Т.С.: Мне кажется, это очень важная позиция, потому что это первое абстрактное понятие народа, очень расплывчатое, очень неопределенное, оно начинает постепенно конкретизироваться, наполняться более конкретными смыслами. И этот процесс мне кажется самым важным в формировании образа народа — его конкретизация, его наполнение конкретными группами и его структурирование. И тогда начинает осознаваться, что здесь есть и крестьяне, и рабочие: причем, оказывается, фабричные рабочие отличаются от заводских, и это уже другая история, и крестьяне тоже, оказывается, могут быть разные. То есть происходит конкретизация истории XX века, этот процесс конкретизации еще будет идти, идти и идти. И здесь идет определенное соревнование этих разных смыслов, потому что, с одной стороны, это абстрактный концепт народа как таковой, а с другой стороны, идет его постепенное разрушение, переосмысление и наполнение новыми конкретными социальными группами. И в какой-то момент даже возникает, мне кажется, такой семантический конфликт — как соединить эту достаточно сложную социальную структуру российского общества с общим понятием народа. И тут можно, конечно, очень много говорить о специфике российского общества вообще и социальных границ, социальных рамок и социальных делений, потому что понятие «народ» — это ведь во многом зеркало понятия «интеллигенция»: когда мы говорим о расплывчатости понятия «интеллигенция», неопределенности, переосмыслении и ресемантизации этого понятия, то же самое происходит и с народом. И я бы даже сказала, что это процессы параллельные и взаимосвязанные и влияют друг на друга, ресемантизация происходит постоянно, и одно с другим взаимосвязано. Но возвращаясь к тому, кто народ или не народ. Понимаете, допустим, то же столкновение с рабочими, возвращаясь к Берви-Флеровскому, очень важному в этом смысле: когда Берви-Флеровский пишет о положении рабочего класса в России, он, по сути дела, на протяжении всей своей книги пишет о крестьянах, то есть он пишет «рабочий класс», но пишет о крестьянах, потому что это трудовое население, здесь переносится этот концепт. И, допустим, когда те же чайковцы или первые народники только начинают свою пропагандистскую просветительскую деятельность с рабочими, они ведь их рассматривают как часть народа, но часть передовую, которая более восприимчива к этим идеям и которая может вернуться потом уже как свои, как часть этого народа в деревню и там быть транслятором этих идей.

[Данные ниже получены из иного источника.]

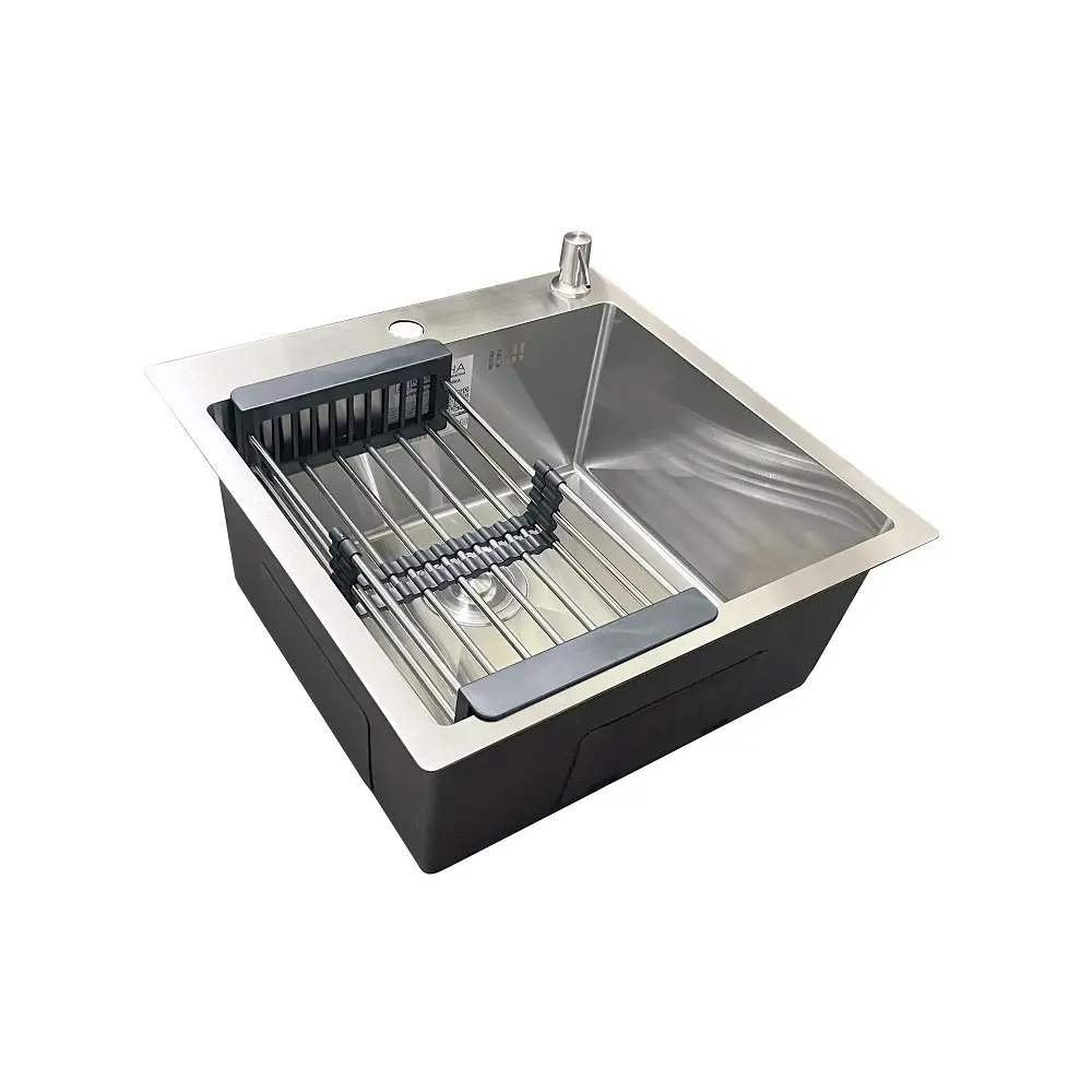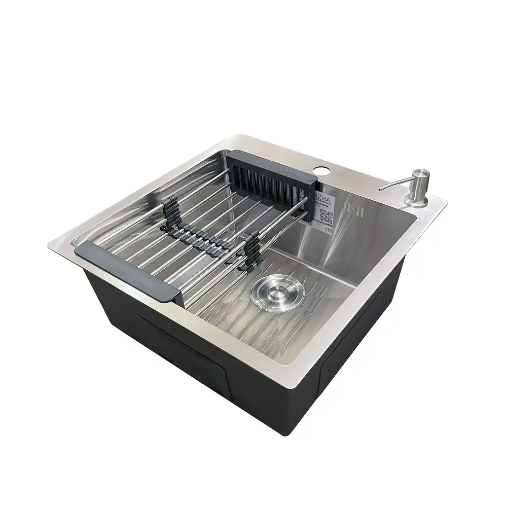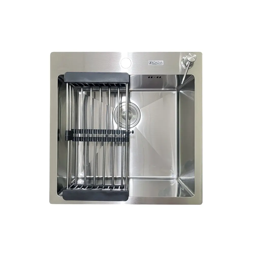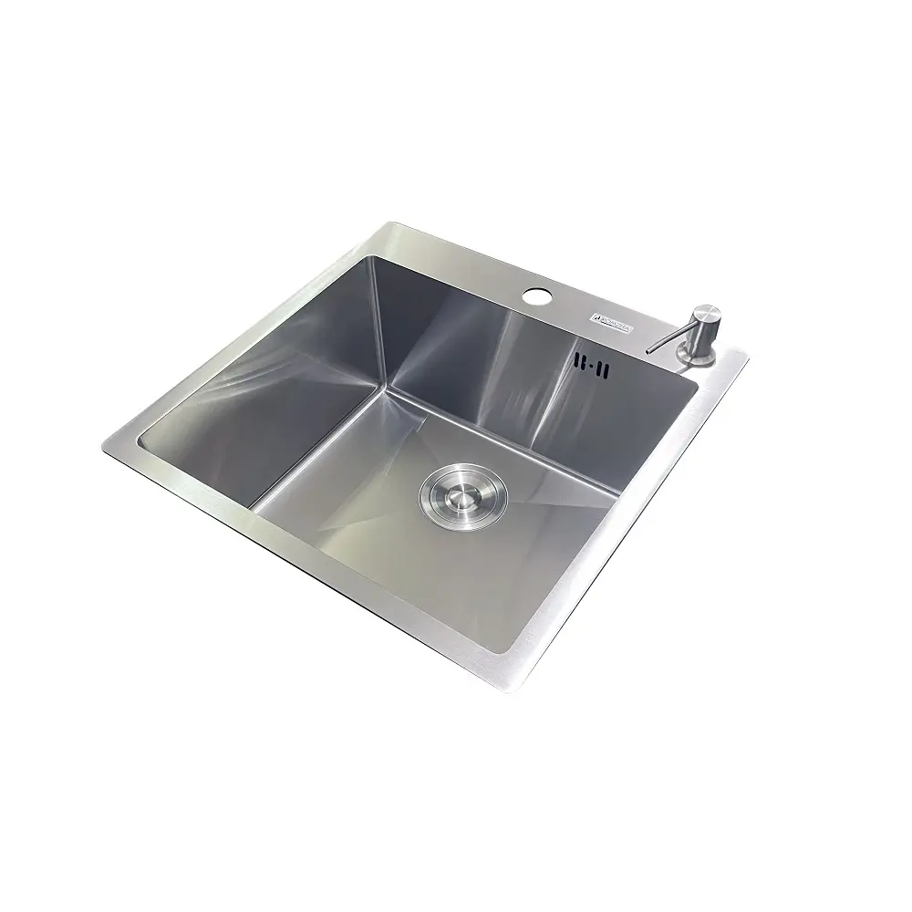 Комплектація: кухонна мийка, сифон, армованний гофро-шланг, корзина з нержавіючої сталі та дозатор для рідкого миючого засобу

А.Т.: Обращаясь к более позднему языку, можно сказать, что они более сознательны?

Т.С.: Здесь очень важен фактор сознательности. И, как ни странно, это очень хорошо пересекается с идеями Ленина о степени сознательности и авангарде, то, что в этом смысле может сработать. Но тут не только вопрос познания, я бы сказала, потому что мы сейчас очень отстраненно, академически смотрим и говорим: вот им этот народ интересен, они его познают, они его изучают как биологический объект. Здесь, наверное, это не совсем правильно, потому что представьте себе молодых людей, очень молодых, фактически первый-второй курс университета: они вовлечены, это молодое поколение, для меня по крайней мере это очевидно молодежное движение, такая попытка молодежной революции, как, наверное, очень часто революции и делаются молодыми поколениями. И для большинства из них это не академический интерес — это вопрос морального долга, для них прежде всего это не идеологические положения, это даже не теория, это прежде всего эмоциональная и моральная реакция на происходящее. И поэтому у них было стремление идти в народ даже не для того, чтобы его изучать, а чтобы что-то делать, идти для того, чтобы менять ситуацию, потому что для них это идея моральной обязанности, не того долга кающегося дворянина, нет, а именно того, что если в стране действительно столько несправедливости, то надо это исправить, что мы так жить не хотим, что надо эту страну изменить, и для них это, наверное, служит мощнейшим моральным императивом, который заставляет их действовать.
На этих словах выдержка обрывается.